CHAPTER 6
Optical sources 1: the laser
Optical sources:
Its fundamental function is to convert electrical energy in the form of
a current into optical energy (light) in an efficient manner. Three main
types of optical light source are available. These are:
(a) wideband ‘continuous spectra’ sources (incandescent lamps);
(b) monochromatic incoherent sources (light-emitting diodes, LEDs);
(c) monochromatic coherent sources (lasers).
The major requirements for an optical fiber emitter:
The light source should be compatible in size and configuration to
launch light efficiently into the fiber, with a preference for highly
directional output.
It should accurately track the electrical input signal to minimize
distortion and noise, ideally being linear.
The light should emit at wavelengths where the fiber has low loss and
dispersion, and where detectors are efficient.
Simple signal modulation (direct modulation) should be possible over a
wide bandwidth, extending from audio frequencies to gigahertz range.

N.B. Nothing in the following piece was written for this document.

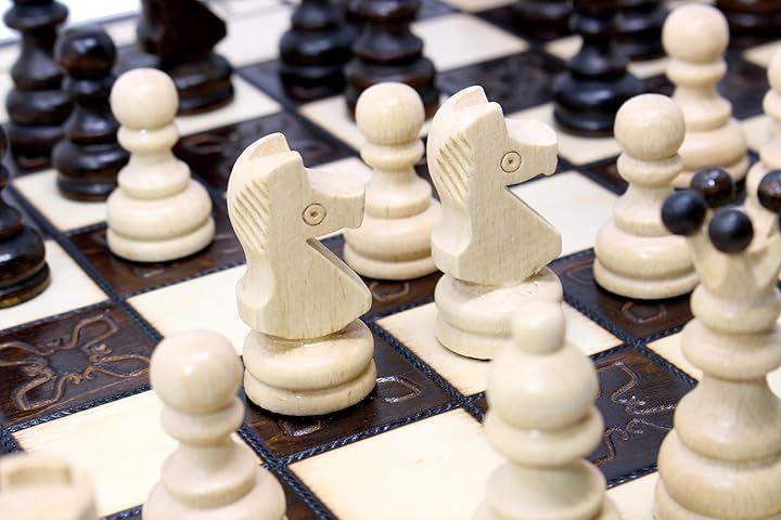 「特徴」折りたたみ式 | 駒用個別スロット | ポーランド製 | 木製ハンドメイド | チェスのルール説明書付属(協力:日本チェス連盟) |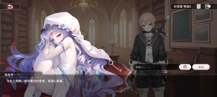 圣女辛,换各种话语和表情包尝试,感觉表情包比话语好用,正向的表情包一般都加好感度,这个拥抱爱心的表情包,好感度+3,有几种回复,我比较喜欢相拥这个

The source must provide enough optical power to overcome fiber
attenuation, connector losses, and still drive the detector effectively.
It should have a narrow spectral bandwidth (linewidth) to reduce
dispersion in the fiber.
Stability in optical output is essential, with minimal sensitivity to
ambient conditions (e.g., temperature changes).
The source must be cost-effective and highly reliable to compete with
conventional transmission methods.
Basic concepts:
The laser is a device which amplifies light – hence the derivation of the
term LASER as an acronym for Light Amplification by Stimulated
Emission of Radiation.
However, lasers are not typically used as amplifiers in practice. The reason
lies in the challenges of achieving high gain (intense amplification) without
causing oscillations (feedback of energy that leads to instability).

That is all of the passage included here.